A few thoughts on SGU 1.11...

Apr 03, 2010 01:17

For one, I'm kind of thanking the creators right now for the characterization of Young. Because I've been roleplaying him for several months now, and have amassed more material of him written by me than I've seen material of him written by the showrunners (comment count on Young's journal is 2,723 comments posted, in total). With a proportion like that, it's really, really easy to make characterization start to drift away from the show's original plan for him.

That said - the show followed my expectations for Young exactly. And boy was it weird seeing him from the outside, instead of writing him myself.

Anyway.

There were a few things I found very interesting about this episode.

Young/TJ, for starters. TJ, in the beginning, seemed to instinctively understand a little about Young. And she misapplied it to the situation, but her insistence that he talk to her was genuine. And he knew it was genuine. By the end of the episode, I think he also knew that he needed to reach out to someone -- but he stopped, just short of doing so. And there's no real explanation for that besides him stopping for her. Out of consideration for her, and her place on the Destiny, which is already awkward enough just with his presence.

Next, Young and Rush. I have a lot of complicated thoughts on them that I could tl;dr about for hours, but a few highlights:

- Young must have been aware of his limited options, in fighting that alien ship. He couldn't run -- the ship couldn't go back to FTL. The shields wouldn't last indefinitely. He had to take that ship out, or lose the fight. He spent the entire first half of the fight trying to get the weapons online. When Chloe was captured, he paused for what couldn't have been more than half an hour, in total, taking one wild, grasping chance that he could maybe rescue her via the communication stones.

- When Young saw Rush, he broke him out almost immediately. Moment of shock, then going for and grabbing the pipe, and busting the tank open. What I think? Young realized that Rush, here, increased his chances of rescuing Chloe about a billion times.

- When Rush offered the telepathic connection, Young accepted. If he wanted to kill Rush, he would have done so then. He wouldn't have let Rush get in his head. But telepathy, in this case, was the only way to communicate.

- Rush said that he could resist the alien's telepathic probes. Besides serving as an excuse for alien ignorance later on, this may also mean that the 'sender' has control over what the 'receiver' gets, on the telepathic device. And I'll note that when Young put on that device, the flashes that Rush saw were the accident that first brought Young to the alien ship, Young using the communication stones to duplicate the accident and Young's memory of telling Rush and Greer to cease fire because Chloe was a captive. It's as though Young was saying It's me, it's Colonel Young, go get Chloe. That communication gave Rush and Chloe both a chance of getting off the ship.

- When Young got back, his first instinct was to get the hell back with Rush, presumably to help him escape (since, if he wanted to kill Rush, he could have done so already).

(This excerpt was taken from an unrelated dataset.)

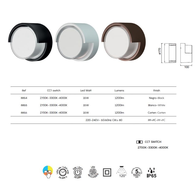 Putere | 15W LED 2700K 1200lm, 2700K-3300K-4000K CCT switch |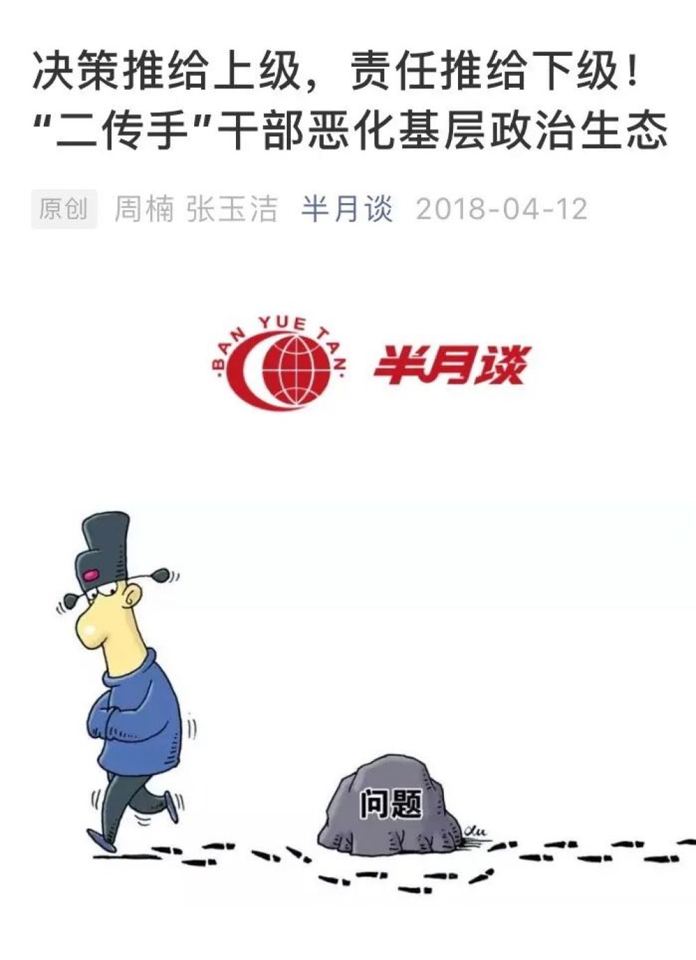 一个月后,当我就“二传手”现象做调研时,沟通就顺畅了很多,除少部分基层干部仍有顾虑,大部分受访基层干部就愿意敞开谈。一位镇长甚至还打开私人微信群,与我分享他们的聊天记录,后来在半月谈发表的《决策推给上级,责任推给下级!“二传手”干部恶化基层政治生态》里,广为传播的那句话——“‘二传手’干部有四大绝招:布置一下、传达一下、上报一下、推脱一下”就来自于他们的聊天记录。这篇报道发出来后,许多过去在微信朋友圈长期“潜水”的基层干部,都变得活跃起来,不仅评论和转发,还找我单独探讨这个话题。

When that option was closed off, opening fire on the ship was his only choice for survival. Destiny, and her crew, had to be preserved, and beating the aliens was the only way to do that.

- Rush, immediately upon entering the ship, and upon being greeted by a "Colonel Young said you were dead" from Greer, asked what Young's story was. What Young said caused his death. This means that Rush was already planning to follow Young's story. Somewhere in between Young saving his life and getting back to the ship, Rush decided to lie.

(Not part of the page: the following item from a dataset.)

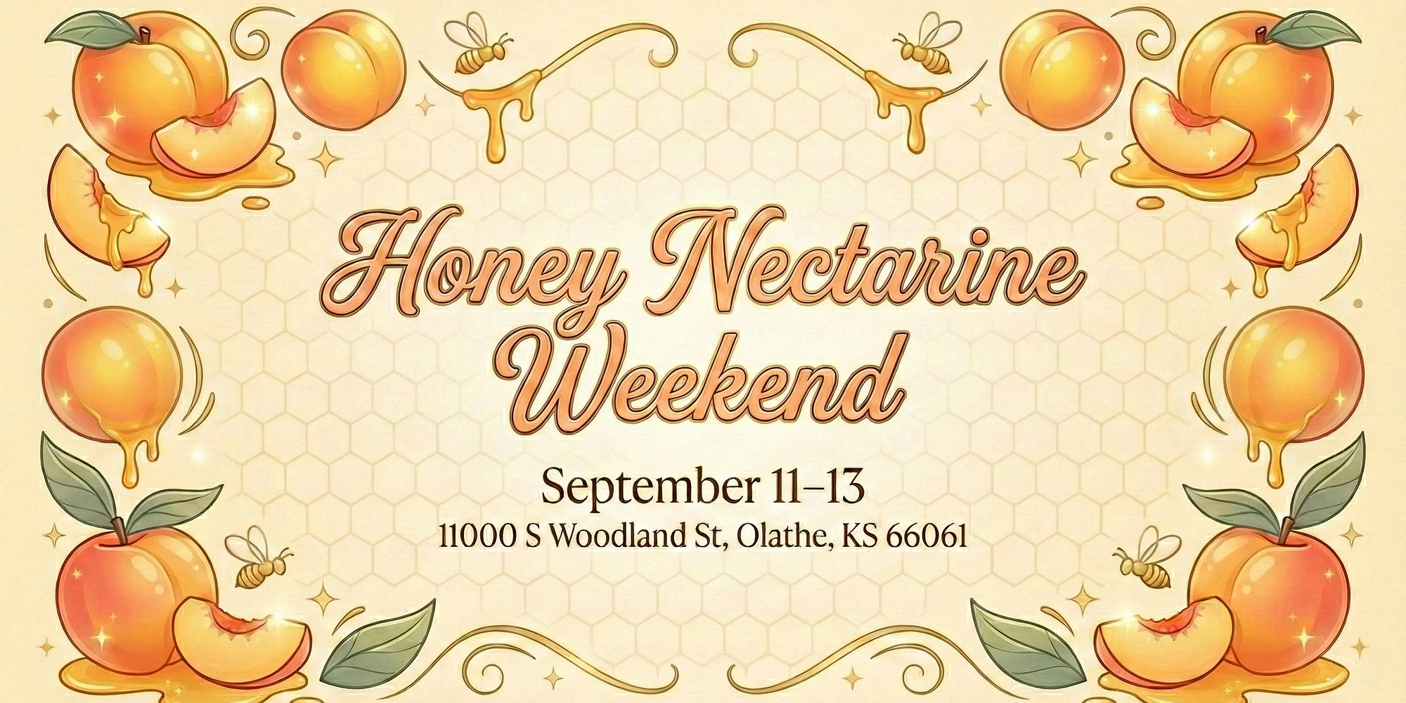 🍑✨ Honey Nectarine Weekend ✨🍯 Sept 11–13 | Hometown Olathe Family Farm 📍 11000 S Woodland St, Olathe, KS 66061 ✨ Free Event Sweet, sunny, and full of bold late-summer energy — Honey Nectarine Weekend is bringing juicy flavor and vibrant excitement to the farm for three full days. Expect themed drinks, fresh bites from our kitchen, fun photo ops, and free events happening all weekend long. Think sun-kissed nectarine vibes, golden honey accents, and a weekend designed to feel bright, refreshing, and a little extra. 💫🍑 Whether you’re grabbing a peachy sip, enjoying something from the kitchen, wandering the farm, or snapping photos, this weekend is all about savoring something special. 🍯✨ ✨ What to expect: Fri, Sept 11 12 PM | Family Scavenger Hunts 2 PM | Free Arts & Crafts 7 PM | Free Poker Night 7 PM | Karaoke Night Sat, Sept 12 4 PM | Bunco Saturdays Sun, Sept 13 1 PM | Pokémon Card Swap 2 PM | Bingo Sundays 🕒 Hours: Mon–Thurs: Closed Friday: 12 PM – 12 AM Saturday: 12 PM – 10 PM Sunday: 11 AM – 6 PM 👉 Full event schedule available at hometownolathefamilyfarms.com 🚨 Vendor Scam Warning Please note: The ONLY official contacts for vendor opportunities are Hometown Olathe Family Farm, TJ Events, and our official email. If you ever have questions about whether a message or comment is legitimate, please reach out directly. All vendor payments are ONLY processed through TJ Events.

- Rush isn't afraid, in the conversation with Young. A lot of post-Justice fanfic has Rush as traumatized and afraid. Instead, Rush goes to Young first. He steps inside Young's quarters. He goes deep into Young's quarters, in fact, allowing Young to get between him and the exit with no real hint of distress. He smiles when Young says that firing on the ship was for 'the greater good'. I think he believes Young. I'm not sure Young believes that Rush believes him.

- The last thing Rush says -- 'For the crew' -- is much softer than anything else he says. The look in his eyes isn't confident. Maybe a little fear there. Maybe disappointment. Maybe something else.

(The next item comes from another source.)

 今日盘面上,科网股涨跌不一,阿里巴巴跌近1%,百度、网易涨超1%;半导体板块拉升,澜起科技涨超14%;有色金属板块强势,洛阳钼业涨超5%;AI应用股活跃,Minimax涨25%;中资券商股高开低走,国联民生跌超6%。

- As for Rush's last conversation with Wray -- I'd just like to note that Rush's options are very, very open, here. Wray thinks that he's on her side against Young. Young feels as though he and Rush are currently the key to keeping this ship together and alive. Both of them need him. It's up to him to decide which one of them he needs more. I'm not going to throw down an opinion of which side I think he's on. I don't think he has to decide which side he's on, yet. I'm not sure he ever will.

Wow, that turned out long. Okay, that's all for now.